Жизнеописание Михаила Булгакова - Мариэтта Омаровна Чудакова
Шрифт:
Интервал:
Закладка:
Письмо Булгакова правительству СССР, написанное как декларация писателя, обращенная к существующей в России власти, последовавший за этим 18 апреля 1930 года звонок Сталина и телефонный разговор с ним стали фактами не только биографически значимыми – они все более и более начали воздействовать на творчество. За несколько месяцев до звонка Булгаков построил в пьесе «Кабала святош» как бы опережающую модель возможных отношений художника с самодержавной властью, а вслед за тем (когда его пьеса, в отличие от мольеровского «Тартюфа», была запрещена современной ему «кабалой святош», прежде чем была поставлена) адресовался к власти письмом, провоцирующим уточнение современной схемы этих отношений. Своим письмом он как бы (прибегаем к сослагательному обороту, так как вся совокупность социополитических мотивов, заставившая Сталина позвонить Булгакову, нам неизвестна и вряд ли может быть известна) вынудил власть к этому уточнению, в принципе не входившему в ее расчеты. Возникли персональные отношения – с точки зрения самого Булгакова – художника с властью: реализовалась модель «Кабалы святош»[205]. Возникла иллюзия обратной связи.
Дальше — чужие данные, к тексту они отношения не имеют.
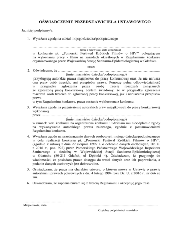 OŚWIADCZENIE PRZEDSTAWICIELA USTAWOWEGO Ja, niżej podpisany/a: 1. Wyrażam zgodę na udział mojego dziecka/podopiecznego …………………………………………………………………………………………... (imię i nazwisko, data urodzenia) w konkursie pt. „Pomorski Festiwal Krótkich Filmów o HIV” polegającym na wykonaniu pracy - filmu na zasadach określonych w Regulaminie konkursu organizowanego przez Wojewódzką Stację Sanitarno-Epidemiologiczną w Gdańsku. oraz: 2. Oświadczam, że ……………………………………………………………………....... (imię i nazwisko dziecka/podopiecznego) przysługują autorskie prawa majątkowe do pracy konkursowej oraz że nie narusza ona praw osób trzecich, ani przepisów prawa. Ponoszę pełną odpowiedzialność w przypadku zgłoszenia przez osobę trzecią roszczeń związanych ze zgłoszoną pracą konkursową. Jestem świadomy, że w przypadku zgłoszenia roszczeń osób trzecich do zgłoszonej pracy konkursowej, jak i naruszenia przepisów prawa w tym Regulaminu konkursu, praca zostanie wykluczona z konkursu. 3. Wyrażam zgodę na przeniesienie autorskich praw majątkowych do pracy konkursowej wykonanej przez…………………………………………..………………………….…. (imię i nazwisko dziecka/podopiecznego) w ramach ww. konkursu na organizatora konkursu i udzielam mu nieodpłatnie zgody na wykonywanie autorskiego prawa zależnego, zgodnie z postanowieniami Regulaminu konkursu. 4. Wyrażam zgodę na przetwarzanie danych osobowych mojego dziecka/podopiecznego w celu realizacji konkursu pt. „Pomorski Festiwal Krótkich Filmów o HIV”. (zgodnie z ustawą z dnia 29 sierpnia 1997 r. o ochronie danych osobowych, Dz. U. z 2016 r., poz. 922) przez Pomorskiego Państwowego Wojewódzkiego Inspektora Sanitarnego z siedzibą w Wojewódzkiej Stacji Sanitarno-Epidemiologicznej w Gdańsku (80-211 Gdańsk, ul Dębinki 4). Oświadczam, iż przyjmuję do wiadomości, że posiadam prawo dostępu do treści danych oraz ich poprawiania, a podanie danych osobowych jest dobrowolne. 5. Oświadczam, że praca ma charakter utworu, o którym mowa w Ustawie o prawie autorskim i prawach pokrewnych z dn. 4 lutego 1994 roku Dz. U. z 2016 r., nr 666 ze zm. 6. Oświadczam, że zapoznałem/am się z treścią Regulaminu i akceptuję jego treść. …………………………… Miejscowość, data ............................................................................ Czytelny podpis imię i nazwisko rodzica/prawnego opiekuna OŚWIADCZENIE PEŁNOLETNIEGO UCZESTNIKA KONKURSU 1. Upoważniam Szkołę …………………………………………………………………………………………... (nazwa szkoły) do przekazania Organizatorowi pracy w konkursie pt. „Pomorski Festiwal Krótkich Filmów o HIV” polegającym na wykonaniu filmu na zasadach określonych w Regulaminie konkursu. 2. Oświadczam, że przysługują mi autorskie prawa majątkowe do pracy konkursowej oraz że nie narusza ona praw osób trzecich, ani przepisów prawa. Ponoszę pełną odpowiedzialność w przypadku zgłoszenia przez osobę trzecią roszczeń związanych ze zgłoszoną pracą konkursową. Jestem świadomy, że w przypadku zgłoszenia roszczeń osób trzecich do zgłoszonej pracy konkursowej, jak i naruszenia przepisów prawa w tym Regulaminu konkursu, praca zostanie wykluczona z konkursu. 3. Wyrażam zgodę na przetwarzanie moich danych osobowych w celu realizacji konkursu pt. „Pomorski Festiwal Krótkich Filmów o HIV” polegającym na wykonaniu filmu (zgodnie z ustawą z dnia 29 sierpnia 1997 r. o ochronie danych osobowych, Dz. U. z 2016 r., poz. 922) przez Pomorskiego Państwowego Wojewódzkiego Inspektora Sanitarnego z siedzibą w Wojewódzkiej Stacji SanitarnoEpidemiologicznej w Gdańsku (80-211 Gdańsk, ul. Dębinki 4). Oświadczam, iż przyjmuję do wiadomości, że posiadam prawo dostępu do treści danych oraz ich poprawiania, a podanie danych osobowych jest dobrowolne. 4. Wyrażam zgodę na przeniesienie autorskich praw majątkowych do pracy konkursowej wykonanej przeze mnie w ramach ww. konkursu na organizatora konkursu i udzielam mu nieodpłatnie zgody na wykonywanie autorskiego prawa zależnego, zgodnie z postanowieniami regulaminu konkursu. 5. Oświadczam, że praca ma charakter utworu, o którym mowa w Ustawie o prawie autorskim i prawach pokrewnych z dn. 4 lutego 1994 roku Dz. U. z 2016 r., nr 666 ze zm. 6. Oświadczam, że zapoznałem/am się z treścią Regulaminu i akceptuję jego treść. …………………………… Miejscowość ,data . ………………………............................................................................................................. Czytelny podpis imię i nazwisko, klasa, data urodzenia
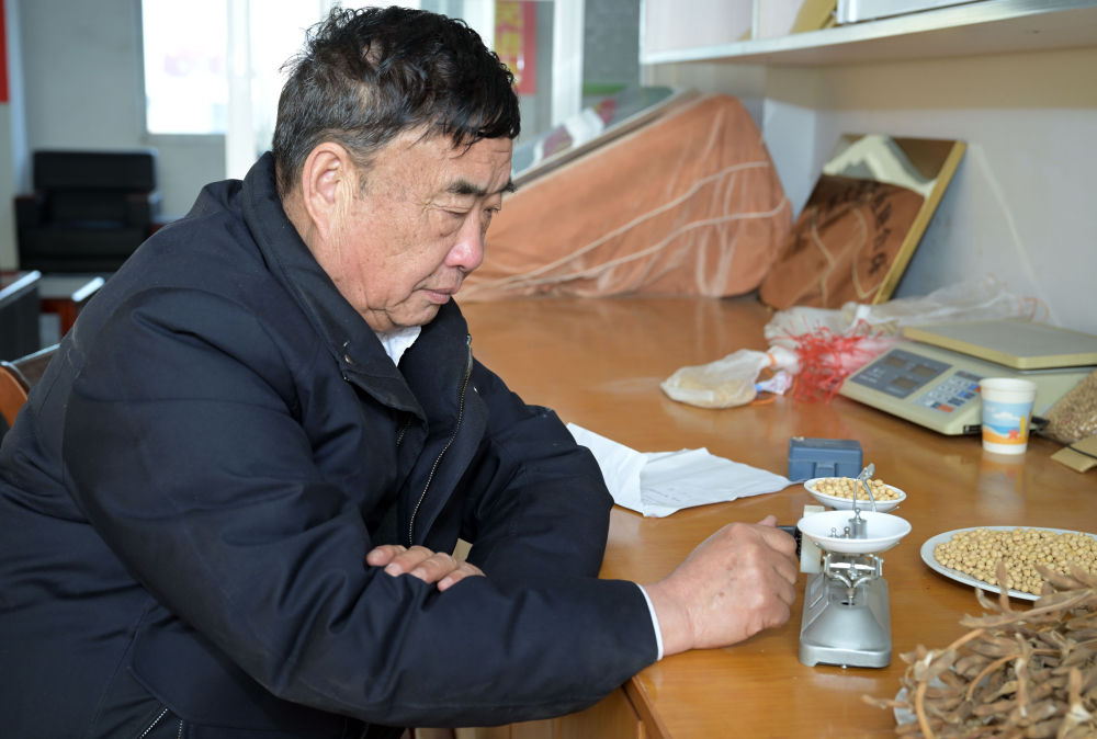 2023年2月21日,在太和縣淙祥現(xiàn)代農(nóng)業(yè)種植專業(yè)合作社,徐淙祥在實(shí)驗(yàn)室里對(duì)農(nóng)作物樣品進(jìn)行稱重和記錄。

С этого времени новые сочинения Булгакова получают дополнительную функцию – они становятся комментарием писателя к взаимоотношениям художника и власти в современном ему обществе, в каком-то смысле уроком, который власть должна усвоить, переварить, принять к сведению. Частью этого урока становится настойчивая интерпретация сыскных функций государства, разраставшихся на глазах.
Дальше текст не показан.